### Work item
With the pictures left out, retype exactly the lines below starting at the line that contains "De igual forma, más" and ending at the line that contains "Tvarohová buchta himaláje".

### Data for analysis

··········

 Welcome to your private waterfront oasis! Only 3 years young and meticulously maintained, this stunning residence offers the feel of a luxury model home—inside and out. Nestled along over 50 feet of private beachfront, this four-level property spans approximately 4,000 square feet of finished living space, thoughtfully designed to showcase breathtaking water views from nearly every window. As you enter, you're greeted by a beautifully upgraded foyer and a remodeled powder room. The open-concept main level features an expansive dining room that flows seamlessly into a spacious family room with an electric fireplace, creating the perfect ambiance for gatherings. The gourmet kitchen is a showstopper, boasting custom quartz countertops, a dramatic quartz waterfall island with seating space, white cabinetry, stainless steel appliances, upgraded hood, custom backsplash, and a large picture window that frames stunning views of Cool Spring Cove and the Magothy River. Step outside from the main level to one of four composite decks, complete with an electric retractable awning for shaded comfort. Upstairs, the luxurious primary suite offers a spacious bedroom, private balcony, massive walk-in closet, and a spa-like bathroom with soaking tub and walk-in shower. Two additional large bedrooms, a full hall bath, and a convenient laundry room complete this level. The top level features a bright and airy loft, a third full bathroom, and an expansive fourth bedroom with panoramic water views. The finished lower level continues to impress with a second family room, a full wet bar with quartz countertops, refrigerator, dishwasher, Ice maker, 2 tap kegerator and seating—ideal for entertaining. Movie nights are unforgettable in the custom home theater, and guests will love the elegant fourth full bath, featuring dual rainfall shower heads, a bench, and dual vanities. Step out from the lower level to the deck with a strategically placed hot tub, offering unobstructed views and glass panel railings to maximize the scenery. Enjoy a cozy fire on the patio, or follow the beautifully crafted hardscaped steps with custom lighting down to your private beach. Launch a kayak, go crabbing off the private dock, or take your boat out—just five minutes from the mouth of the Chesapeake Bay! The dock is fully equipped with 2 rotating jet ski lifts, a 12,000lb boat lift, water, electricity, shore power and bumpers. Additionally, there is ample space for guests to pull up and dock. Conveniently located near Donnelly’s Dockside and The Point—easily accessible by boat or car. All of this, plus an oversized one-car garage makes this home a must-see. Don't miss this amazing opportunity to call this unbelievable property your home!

··········

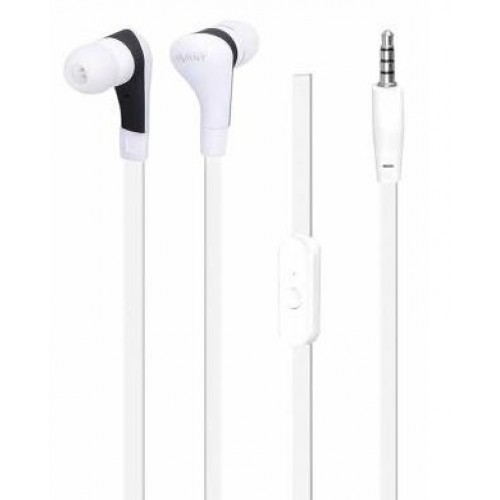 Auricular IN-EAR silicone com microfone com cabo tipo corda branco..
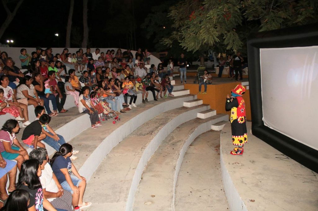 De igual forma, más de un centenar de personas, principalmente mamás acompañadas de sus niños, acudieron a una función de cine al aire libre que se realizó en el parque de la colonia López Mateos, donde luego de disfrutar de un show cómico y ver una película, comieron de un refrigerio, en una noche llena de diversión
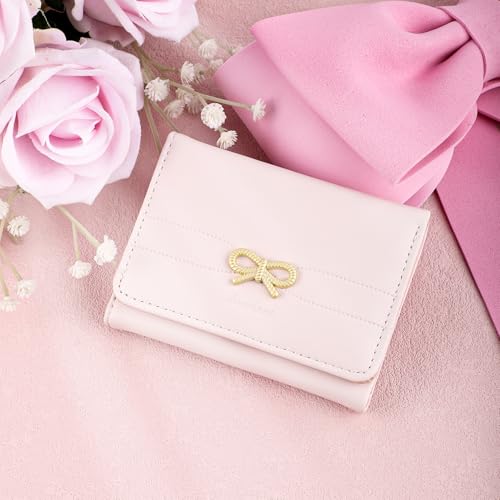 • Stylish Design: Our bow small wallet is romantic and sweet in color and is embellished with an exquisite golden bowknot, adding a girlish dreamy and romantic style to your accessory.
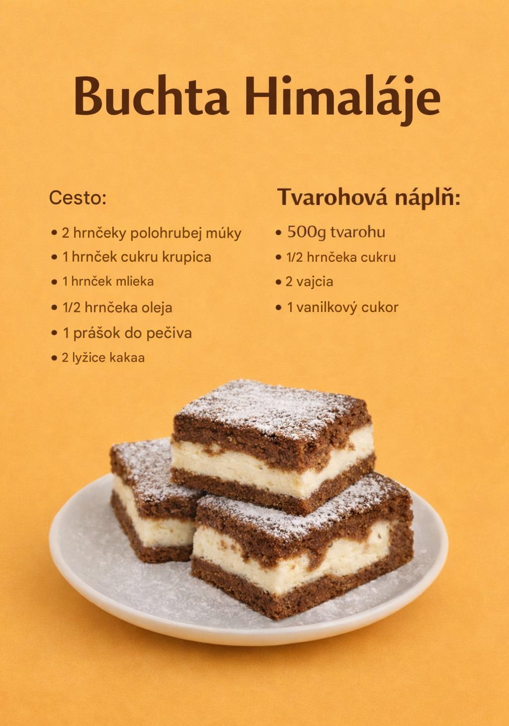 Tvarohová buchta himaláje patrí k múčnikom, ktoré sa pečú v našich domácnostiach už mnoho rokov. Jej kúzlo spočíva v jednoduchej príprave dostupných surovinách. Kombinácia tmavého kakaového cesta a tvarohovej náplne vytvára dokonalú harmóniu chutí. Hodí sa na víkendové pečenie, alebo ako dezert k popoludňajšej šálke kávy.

··········

### Solved problem
 De igual forma, más de un centenar de personas, principalmente mamás acompañadas de sus niños, acudieron a una función de cine al aire libre que se realizó en el parque de la colonia López Mateos, donde luego de disfrutar de un show cómico y ver una película, comieron de un refrigerio, en una noche llena de diversión
 • Stylish Design: Our bow small wallet is romantic and sweet in color and is embellished with an exquisite golden bowknot, adding a girlish dreamy and romantic style to your accessory.
 Tvarohová buchta himaláje patrí k múčnikom, ktoré sa pečú v našich domácnostiach už mnoho rokov. Jej kúzlo spočíva v jednoduchej príprave dostupných surovinách. Kombinácia tmavého kakaového cesta a tvarohovej náplne vytvára dokonalú harmóniu chutí. Hodí sa na víkendové pečenie, alebo ako dezert k popoludňajšej šálke kávy.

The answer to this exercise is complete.